1. 21 Jul, 2022 7 commits
  2. 20 Jul, 2022 22 commits
  3. 19 Jul, 2022 11 commits
    • Jakub Kicinski's avatar
      Merge branch 'io_uring-zerocopy-send' of git://git.kernel.org/pub/scm/linux/kernel/git/kuba/linux · 7f9eee19
      Jakub Kicinski authored
      Pavel Begunkov says:
      
      ====================
      io_uring zerocopy send
      
      The patchset implements io_uring zerocopy send. It works with both registered
      and normal buffers, mixing is allowed but not recommended. Apart from usual
      request completions, just as with MSG_ZEROCOPY, io_uring separately notifies
      the userspace when buffers are freed and can be reused (see API design below),
      which is delivered into io_uring's Completion Queue. Those "buffer-free"
      notifications are not necessarily per request, but the userspace has control
      over it and should explicitly attaching a number of requests to a single
      notification. The series also adds some internal optimisations when used with
      registered buffers like removing page referencing.
      
      From the kernel networking perspective there are two main changes. The first
      one is passing ubuf_info into the network layer from io_uring (inside of an
      in kernel struct msghdr). This allows extra optimisations, e.g. ubuf_info
      caching on the io_uring side, but also helps to avoid cross-referencing
      and synchronisation problems. The second part is an optional optimisation
      removing page referencing for requests with registered buffers.
      
      Benchmarking UDP with an optimised version of the selftest (see [1]), which
      sends a bunch of requests, waits for completions and repeats. "+ flush" column
      posts one additional "buffer-free" notification per request, and just "zc"

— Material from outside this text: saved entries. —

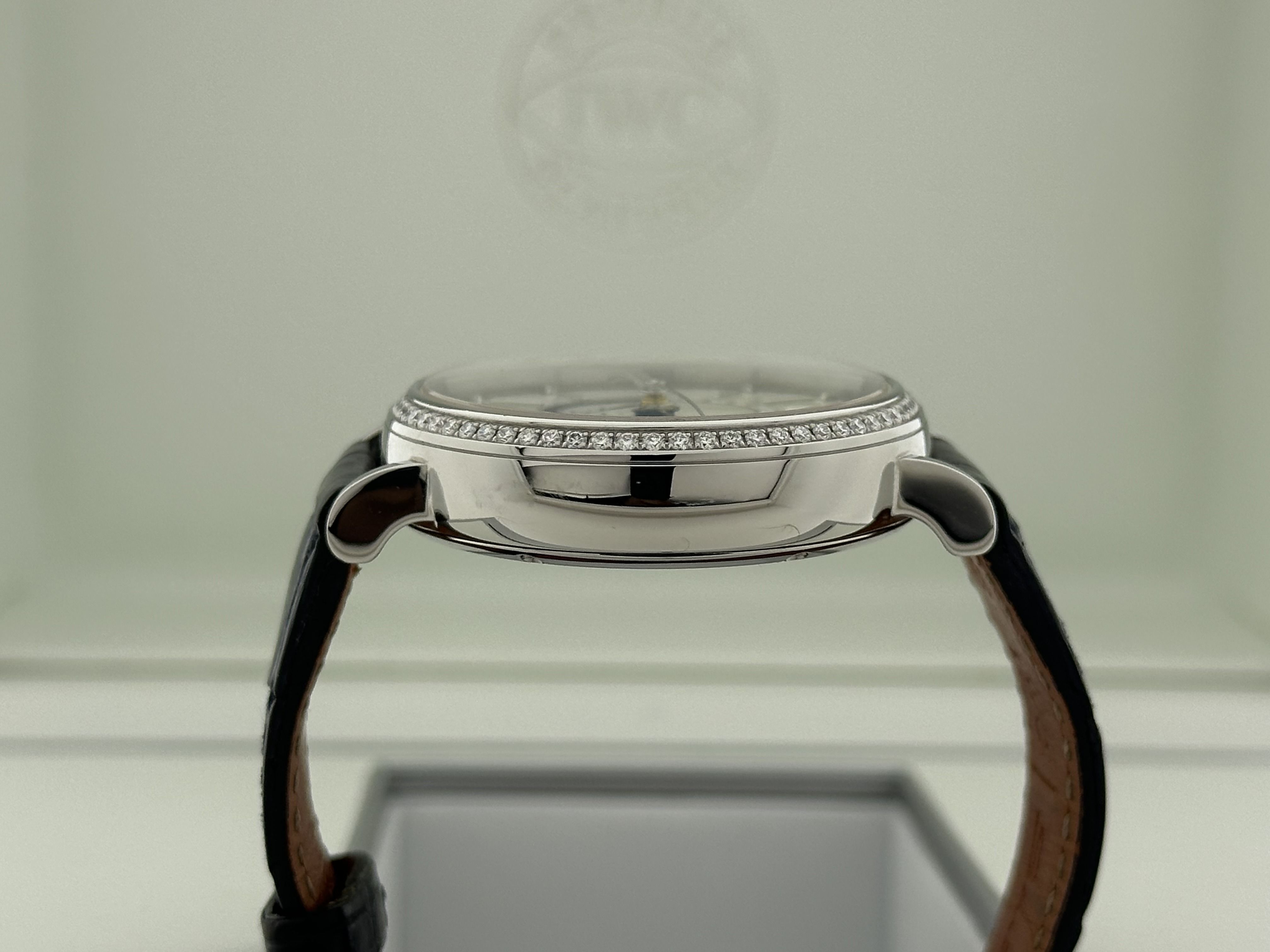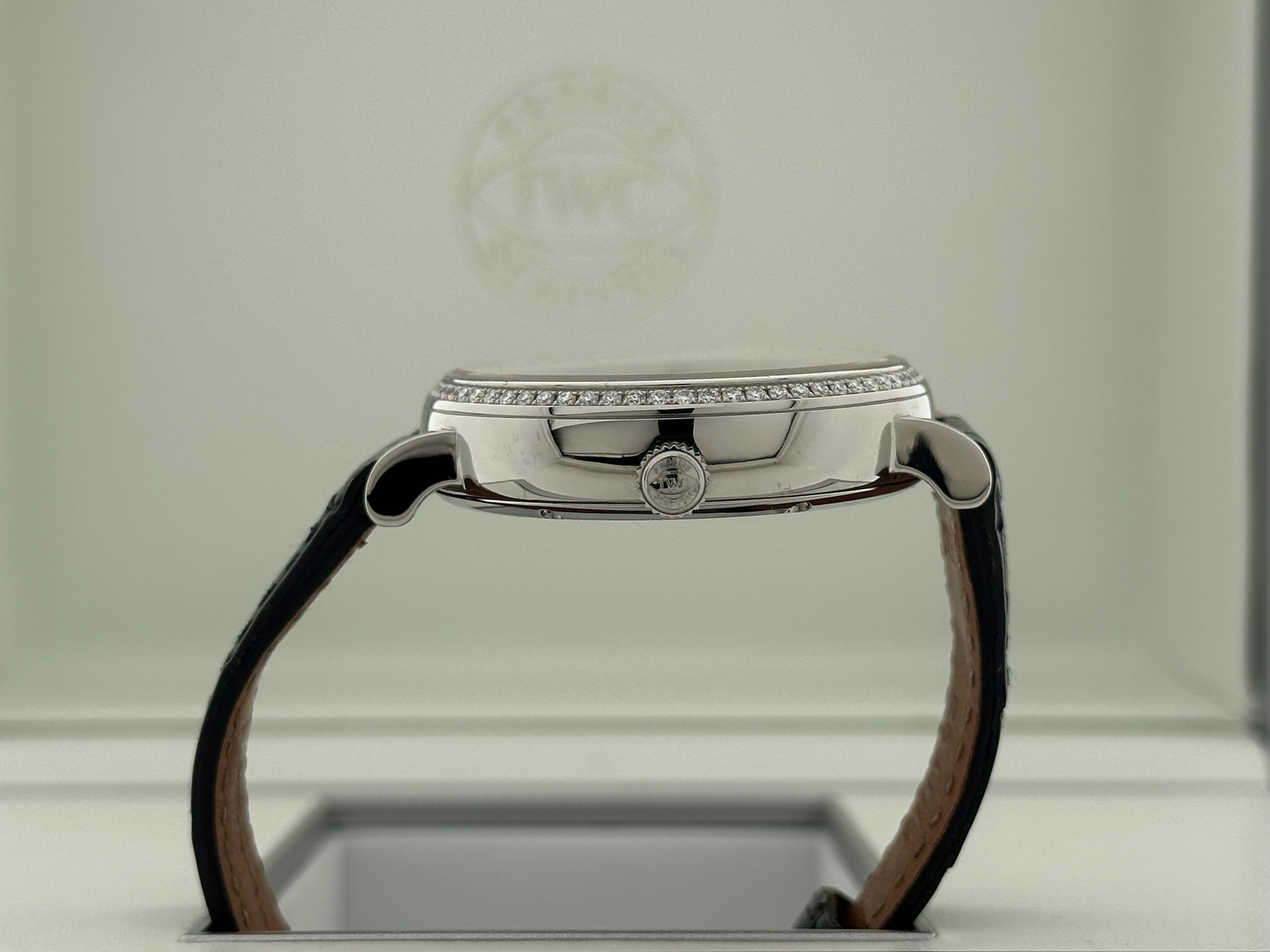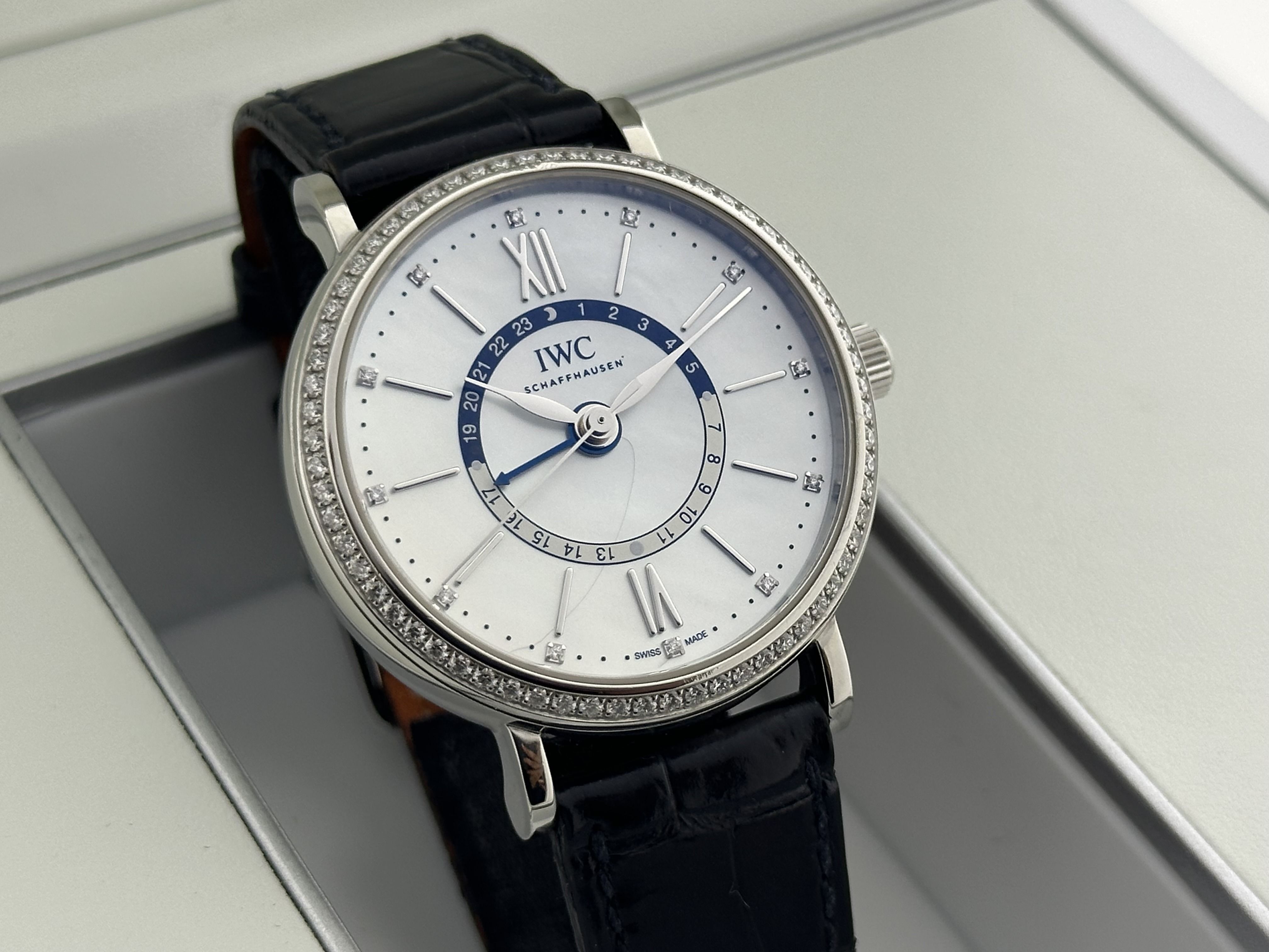 Un orologio IWC Portofino Automatic Day & Night, ref. IW459101, set completo. L'orologio ha una cassa in acciaio da 38 mm, un cinturino in pelle di alligatore blu Santoni e una fibbia in acciaio. L'orologio ha 78 diamanti taglio brillante, in tot. 0,64crt., 12 sono incastonati nel quadrante come indici e 66 sulla lunetta. L'orologio ha un quadrante in madreperla (MoP) con numeri romani e indicazione delle 24 ore. L'orologio viene fornito con la sua scatola originale, il certificato e i libretti. L'IWC è stato revisionato di recente. Nota: l'orologio presenta un graffio sul MoP, vedi foto.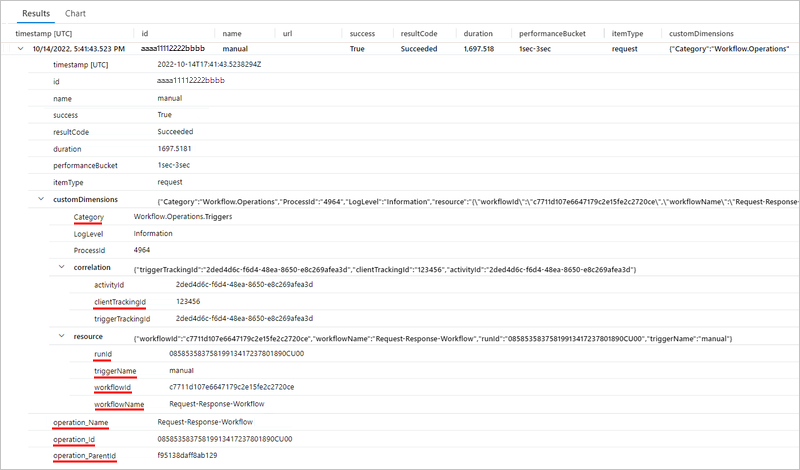 Eigenschaft BESCHREIBUNG Beispiel Kategorie Vorgangskategorie, die basierend auf dem Vorgang immer Workflow.Operations.Triggers oder Workflow.Operations.Actions ist Workflow.Operations.Triggers. clientTrackingId Benutzerdefinierte Nachverfolgungs-ID, falls angegeben 123456 runId ID für die Workflowausführungsinstanz 08585358375819913417237801890CU00 triggerName Triggername manuell workflowId ID für den Workflow, der den Trigger ausgeführt hat c7711d107e6647179c2e15fe2c2720ce workflowName Name für den Workflow, der den Trigger ausgeführt hat Anforderungsantwort-Workflow operation_Name Name für den Vorgang, der den Trigger ausgeführt hat. In diesem Fall entspricht dieser Name dem Workflownamen. Anforderungsantwort-Workflow operation_Id ID für die Komponente oder den Workflow, die gerade ausgeführt wurde. Diese ID ist identisch mit dem RunId-Wert für die Workflowausführungsinstanz. Wenn Ausnahmen oder Abhängigkeiten vorhanden sind, überschreitet dieser Wert die Tabellen, sodass Sie diesen Triggerdatensatz mit den Ausnahmen oder Abhängigkeiten verknüpfen können. 08585358375819913417237801890CU00 operation_ParentId Verbindungsfähige ID für den Workflow, der den Trigger aufgerufen hat f95138daff8ab129 Das folgende Beispiel zeigt die aufgeklappten Details für die Verfassen-Aktion :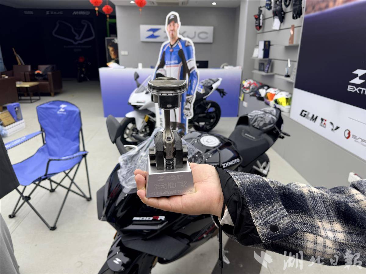 谈及夺冠和品牌热度,店长难掩自豪,但也感到责任重大:“我们肯定很开心,但责任更大了,要服务好未来这么多车主,特别是售后。”他指着店内一个特殊的奖杯——由测试车的活塞零件制成的纪念品,笑着说:“张总就爱搞这些有新意的东西。他还说今年一定要来武汉。”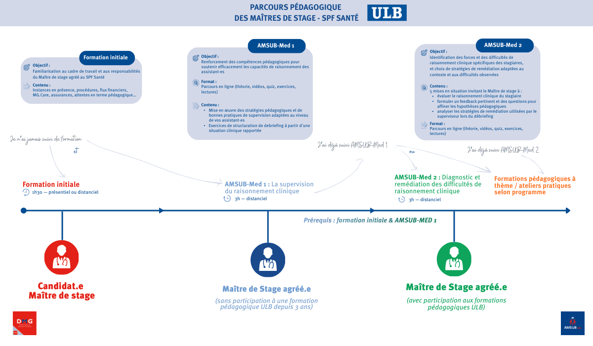 - Outils pédagogiques : cours en présentiel, cours digitaux, échange avec des pair-aidants, simulation, visite de centres opérateurs, table ronde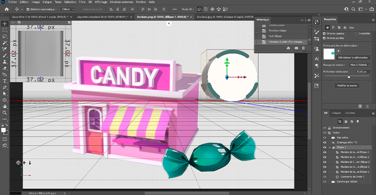 - un schéma en forme de bonbon devient le bonbon que l'on gagne et que l'on s'offre,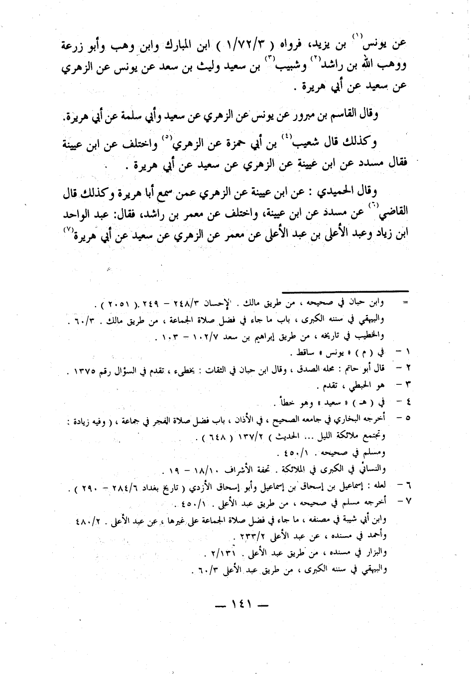 وَاخْتُلِفَ عَنْ يُونُسَ بْنِ يَزِيدَ، فَرَوَاهُ ابْنُ الْمُبَارَكِ، وَابْنُ وَهْبٍ، وَأَبُو زُرْعَةَ، وَوَهْبُ اللَّهِ بْنُ رَاشِدٍ، وَشَبِيبُ بْنُ سَعِيدٍ، وَلَيْثُ بْنُ سَعْدٍ، عَنْ يُونُسَ، عَنِ الزُّهْرِيِّ، عَنْ سَعِيدٍ، عَنْ أَبِي هُرَيْرَةَ.

      doesn't post buffer notifications at all.
      
      NIC (requests / second):
      IO size | non-zc    | zc             | zc + flush
      4000    | 495134    | 606420 (+22%)  | 558971 (+12%)
      1500    | 551808    | 577116 (+4.5%) | 565803 (+2.5%)
      1000    | 584677    | 592088 (+1.2%) | 560885 (-4%)
      600     | 596292    | 598550 (+0.4%) | 555366 (-6.7%)
      
      dummy (requests / second):
      IO size | non-zc    | zc             | zc + flush
      8000    | 1299916   | 2396600 (+84%) | 2224219 (+71%)
      4000    | 1869230   | 2344146 (+25%) | 2170069 (+16%)
      1200    | 2071617   | 2361960 (+14%) | 2203052 (+6%)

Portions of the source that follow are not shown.